我們總結了這種爲將目標設備的幀率控制在60fps而進行衡量、調整、再衡量過程的中相關經驗。

shadow blade(from deadmage.com)

shadow blade(from deadmage.com)

一、遇到麻煩時要調用“垃圾回收器”(Garbage Collector,無用單元收集程序,以下簡稱GC)

由於具有C/C++遊戲編程背景,我們並不習慣無用單元收集程序的特定行爲。確保自動清理你不用的內存,這種做法在剛開始時很好,但很快你就公發現自己的分析器經常顯示CPU負荷過大,原因是垃圾回收器正在收集垃圾內存。這對移動設備來說尤其是個大問題。要跟進內存分配,並儘量避免它們成爲優先數,以下是我們應該採取的主要操作:

1.移除代碼中的任何字符串連接,因爲這會給GC留下大量垃圾。

2.用簡單的“for”循環代替“foreach”循環。由於某些原因,每個“foreach”循環的每次迭代會生成24字節的垃圾內存。一個簡單的循環迭代10次就可以留下240字節的垃圾內存。

3.更改我們檢查遊戲對象標籤的方法。用“if (go.CompareTag (“Enemy”)”來代替“if (go.tag == “Enemy”)” 。在一個內部循環調用對象分配的標籤屬性以及拷貝額外內存,這是一個非常糟糕的做法。

4.對象庫很棒,我們爲所有動態遊戲對象製作和使用庫,這樣在遊戲運行時間內不會動態分配任何東西,不需要的時候所有東西反向循環到庫中。

5.不使用LINQ命令,因爲它們一般會分配中間緩器,而這很容易生成垃圾內存。

二、謹慎處理高級腳本和本地引擎C++代碼之間的通信開銷。

所有使用Unity3D編寫的遊戲玩法代碼都是腳本代碼,在我們的項目中是使用Mono執行時間處理的C#代碼。
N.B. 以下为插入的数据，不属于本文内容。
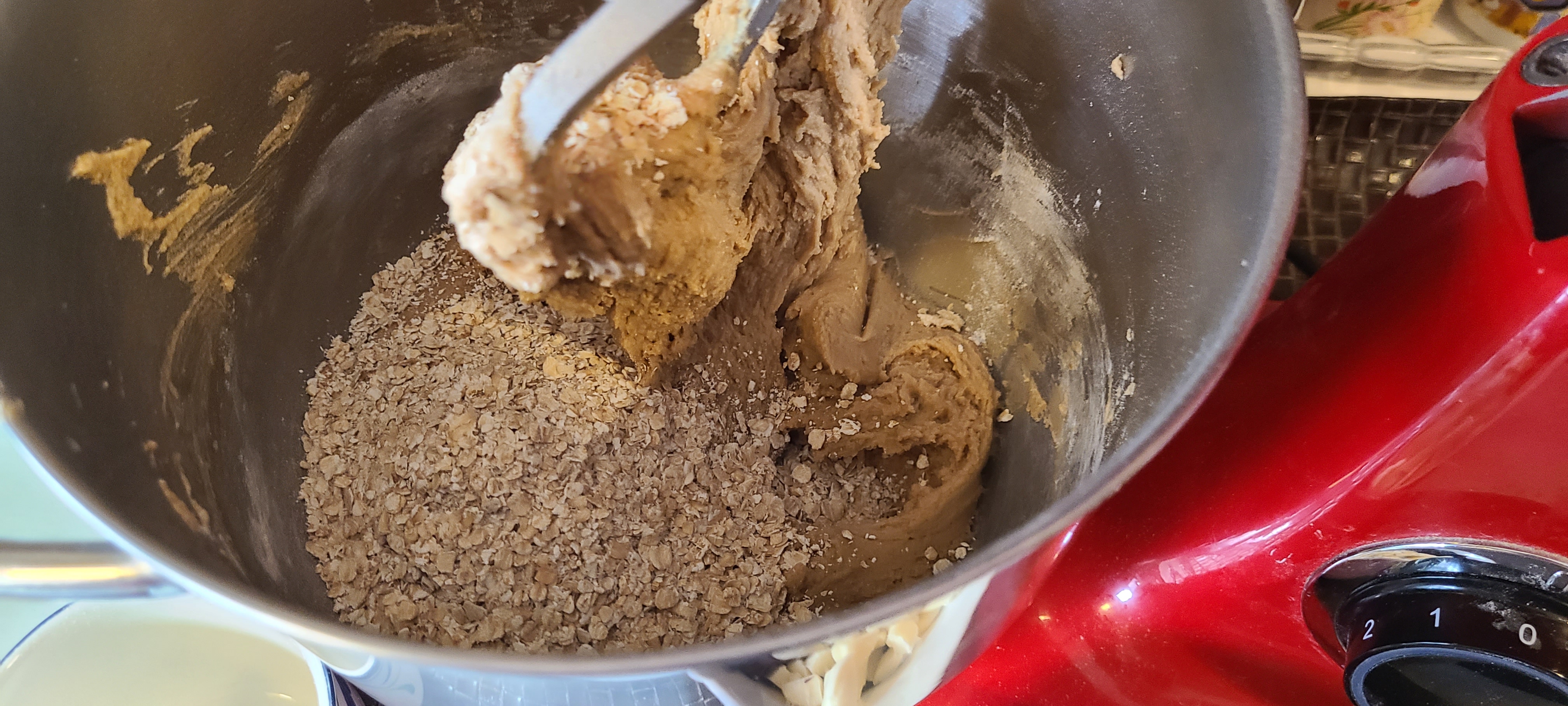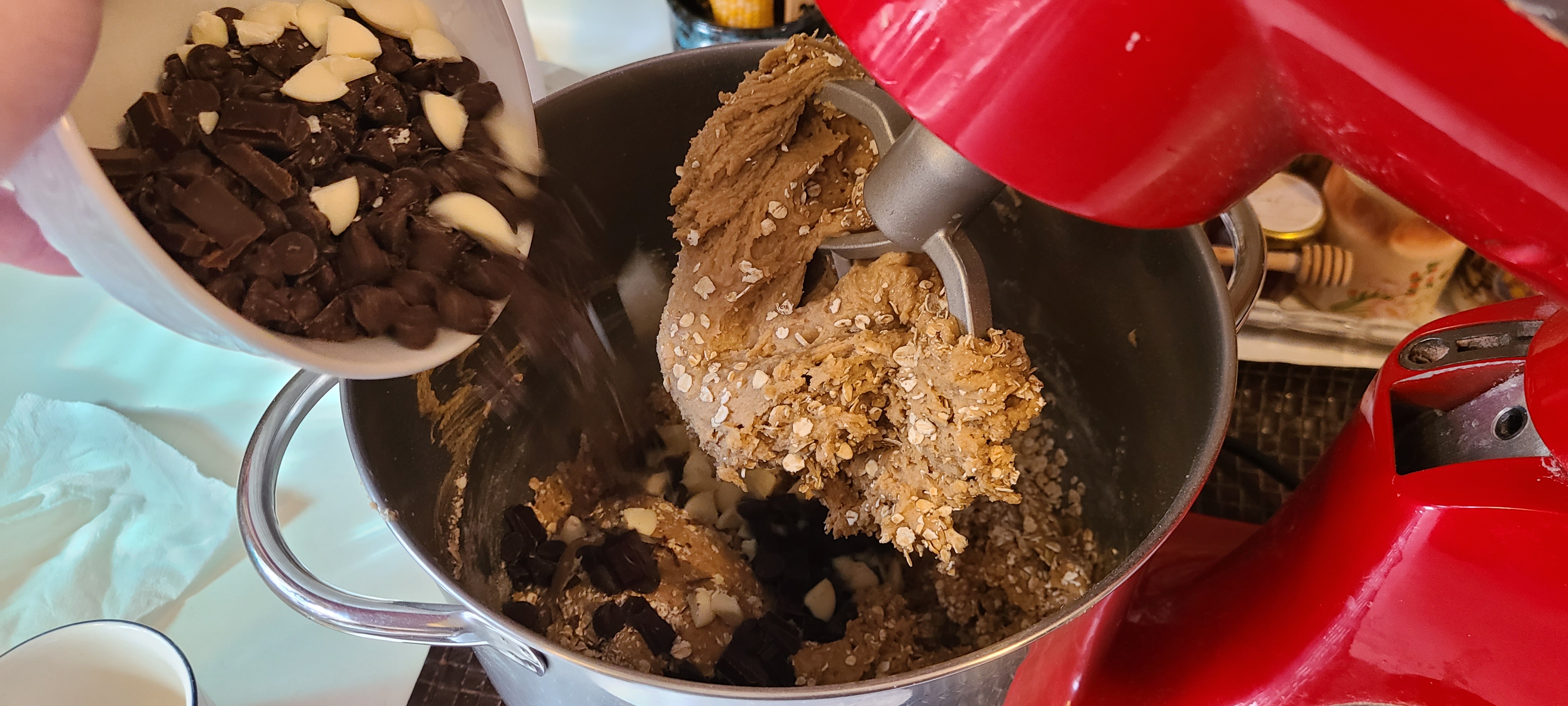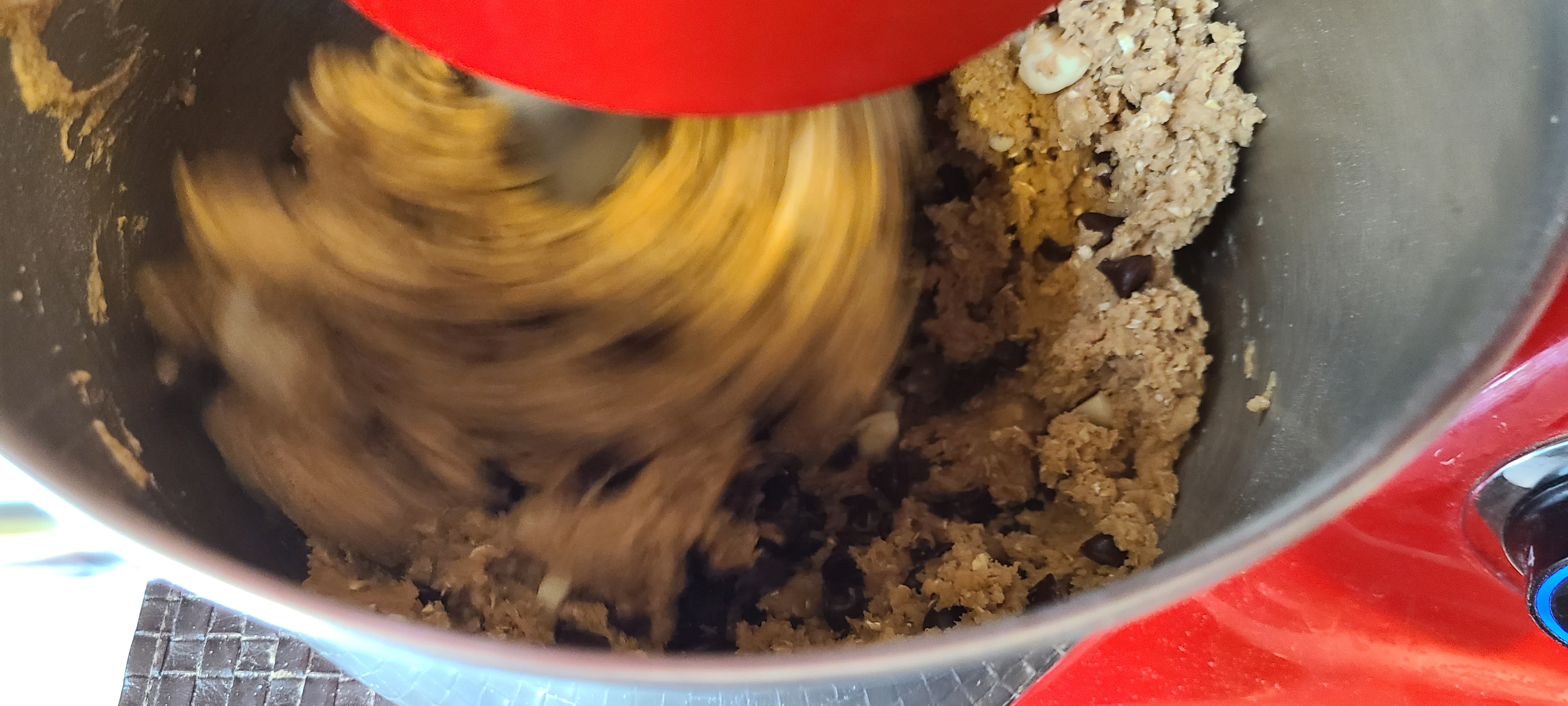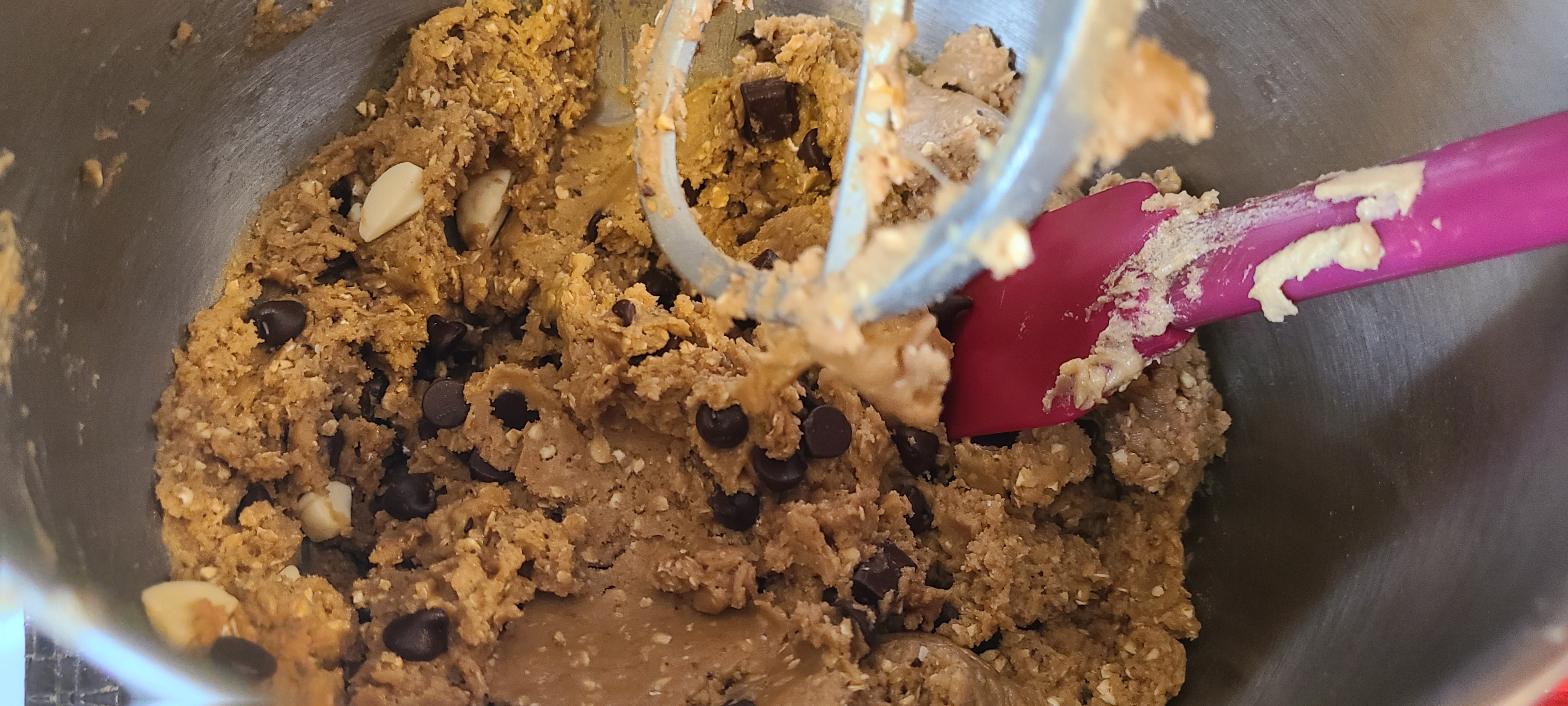 Incorporate the chocolate on low speed. I took it out of the mixer and mixed it in with a silicone spoon afterwards, as the paddle left a ton of choco chips on the bottom of the bowlLooking back, this composition is fine, but there was either a little too much flour or oats, which made it a little bit too solid, and thus it turns out a tad too dense in the end. Less of either or both of those would have resulted in a better texture in the end

任何與引擎數據的通信需求都要有一個進入高級腳本語言的本地引擎代碼的調用。這當然會產生它自己的開銷,而儘量減少遊戲代碼中的這些調用則要排在第二位。

1.在這一情景中四處移動對象要求來自腳本代碼的調用進入引擎代碼,這樣我們就會在遊戲玩法代碼的一個幀中緩存某一對象的轉換需求,並一次僅向引擎發送一個請求,以便減少調用開銷。這種模式也適用於其他相似的地方,而不僅侷限於移動和旋轉對象。

2.將引用本地緩存到元件中會減少每次在一個遊戲對象中使用 “GetComponent” 獲取一個元件引用的需求,這是調用本地引擎代碼的另一個例子。

三、物理效果

1.將物理模擬時間步設置到最小化狀態。在我們的項目中就不可以將讓它低於16毫秒。

2.減少角色控制器移動命令的調用。移動角色控制器會同步發生,每次調用都會耗損極大的性能。我們的做法是緩存每幀的移動請求,並且僅運用一次。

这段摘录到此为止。